A rock, hurled at him, struck his arm. He felt the pain. He half turned and another rock sailed past him, missing him; it collided with the earth and the sound startled him. Who? he wondered, peering to see his tormentor. The old antagonists, manifesting themselves at the periphery of his vision; it, or they, had followed him all the way up the hill and they would remain until at the top—

He remembered the top, the sudden leveling of the hill, when the climb ceased and the other part of it began. How many times had he done this? The several times blurred; future and past blurred; what he had already experienced and what he would eventually experience blended so that nothing remained but the moment, the standing still and resting during which he rubbed the cut on his arm which the stone had left. God, he thought in weariness. In what way is this fair? Why am I up here alone like this, being tormented by something I can’t even see? And then, within him, the mutual babble of everyone else in fusion broke the illusion of aloneness.

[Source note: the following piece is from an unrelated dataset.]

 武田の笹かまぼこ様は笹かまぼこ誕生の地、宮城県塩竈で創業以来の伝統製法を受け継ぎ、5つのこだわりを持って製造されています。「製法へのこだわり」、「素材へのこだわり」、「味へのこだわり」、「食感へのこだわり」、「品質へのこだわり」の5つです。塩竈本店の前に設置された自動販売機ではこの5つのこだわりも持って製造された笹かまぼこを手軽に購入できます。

You felt it, too, he thought. Yes, the voices answered. We got hit, on the left arm; it hurts like hell. Okay, he said. We better get started moving again. He resumed walking, and all of them accompanied him immediately.

Once, he remembered, it had been different. Back before the curse had come, an earlier, happier part of life. They, his foster parents Frank and Cora Mercer, had found him floating on an inflated rubber air-rescue raft, off the coast of New England … or had it been Mexico, near the port of Tampico? He did not now remember the circumstances. Childhood had been nice; he had loved all life, especially the animals, had in fact been able for a time to bring dead animals back as they had been. He lived with rabbits and bugs, wherever it was, either on Earth or a colony world; now he had forgotten that, too. But he recalled the killers, because they had arrested him as a freak, more special than any of the other specials. And due to that everything had changed.

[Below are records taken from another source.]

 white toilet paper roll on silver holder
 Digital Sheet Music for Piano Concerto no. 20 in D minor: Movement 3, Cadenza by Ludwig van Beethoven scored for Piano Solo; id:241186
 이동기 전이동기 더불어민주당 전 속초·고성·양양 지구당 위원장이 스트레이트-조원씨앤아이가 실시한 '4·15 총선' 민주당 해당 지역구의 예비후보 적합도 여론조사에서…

Local law prohibited the time-reversal faculty by which the dead returned to life; they had spelled it out to him during his sixteenth year. He continued for another year to do it secret , in the still remaining woods, but an old woman whom he had never seen or heard of had told. Without his parents’ consent they—the killers—had bombarded the unique nodule which had formed in his brain, had attacked it with radioactive cobalt, and this had plunged him into a different world, one whose existence he had never suspected. It had been a pit of corpses and dead bones and he had struggled for years to get up from it. The donkey and especially the toad, the creatures most important to him, had vanished, had become extinct; only rotting fragments, an eyeless head here, part of a hand there, remained. At last a bird which had come there to die told him where he was. He had sunk down into the tomb world. He could not get out until the bones strewn around him grew back into living creatures; he had become joined to the metabolism of other lives and until they rose he could not rise either.

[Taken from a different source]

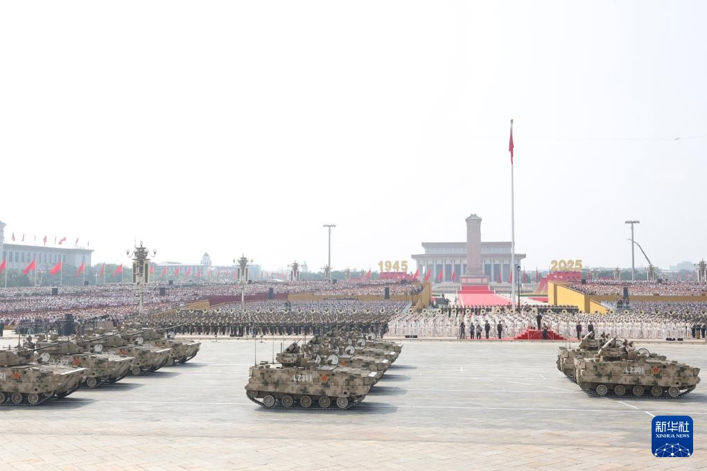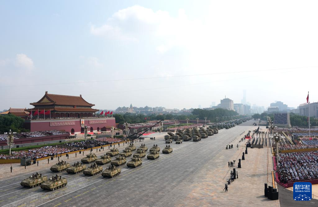 9月3日,紀念中國人民抗日戰(zhàn)爭暨世界反法西斯戰(zhàn)爭勝利80周年大會在北京隆重舉行。這是裝備方隊接受檢閱。

How long that part of the cycle had lasted he did not now know; nothing had happened, generally, so it had been measureless. But at last the bones had regained flesh; the empty eyepits had filled up and the new eyes had seen, while meantime the restored beaks and mouths had cackled, barked, and caterwauled. Possibly he had done it; perhaps the extrasensory node of his brain had finally grown back. Or maybe he hadn’t accomplished it; very likely it could have been a natural process. Anyhow he was no longer sinking; he had begun to ascend, along with the others. Long ago he had lost sight of them. He found himself evidently climbing alone. But they were there. They still accompanied him; he felt them, strangely, inside him.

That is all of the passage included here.